Wie funktioniert die klassische Sanger-Sequenzierung?

Die klassische Sanger-Sequenzierung, auch als Kettenabbruch-Sequenzierung bekannt, ist eine Methode zur Bestimmung der Nukleotidsequenz von DNA. Hier sind die grundlegenden Schritte, wie sie funktioniert: 1. **DNA-Vorbereitung**: Die zu sequenzierende DNA wird isoliert und in kleinere Fragmente zerlegt, falls nötig. 2. **Primer-Hybridisierung**: Ein spezifischer Primer, der komplementär zu einem Teil der Ziel-DNA ist, wird hinzugefügt. Dieser Primer bindet an die DNA und dient als Startpunkt für die Synthese. 3. **DNA-Polymerase und Nukleotide**: Eine DNA-Polymerase wird hinzugefügt, zusammen mit den vier normalen Desoxynukleotiden (dATP, dTTP, dCTP, dGTP) und einer kleinen Menge der modifizierten, fluoreszenzmarkierten Didesoxynukleotide (ddNTPs). Diese ddNTPs sind Kettenabbrecher, da sie keine 3'-OH-Gruppe besitzen, die für die weitere DNA-Synthese notwendig ist. 4. **DNA-Synthese**: Die DNA-Polymerase beginnt, die DNA zu synthetisieren, indem sie die normalen Nukleotide hinzufügt.

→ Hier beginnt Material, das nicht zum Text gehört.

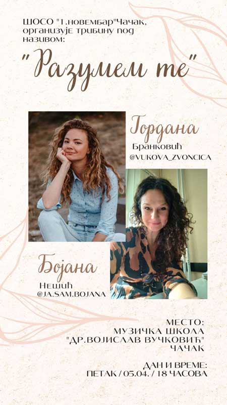 Драги родитељи, ДОБРОДОШЛИ на трибину „Разумем те“, на којој ће гостовати МАЈКЕ деце са развојним потешкоћама. Разменитe искуства и повежите се. Лакше је када делимо судбине.

Wenn ein ddNTP eingebaut wird, stoppt die Synthese, da kein weiteres Nukleotid angefügt werden kann. 5. **Fragmentierung**: Dieser Prozess erzeugt eine Vielzahl von DNA-Fragmenten unterschiedlicher Längen, die jeweils an einem ddNTP enden. 6. **Trennung der Fragmente**: Die Fragmente werden durch Gelelektrophorese getrennt. Dabei wandern die kürzeren Fragmente schneller durch das Gel als die längeren. 7. **Detektion**: Die Fragmente werden dann detektiert, oft durch fluoreszierende Signale, die von den ddNTPs ausgehen. Ein automatisierter Sequenzierer liest die Fluoreszenzsignale und bestimmt die Reihenfolge der Nukleotide. 8. **Datenanalyse**: Die gesammelten Daten werden analysiert, um die genaue Sequenz der DNA zu bestimmen. Diese Methode ist sehr präzise und wurde lange Zeit als Goldstandard in der DNA-Sequenzierung verwendet.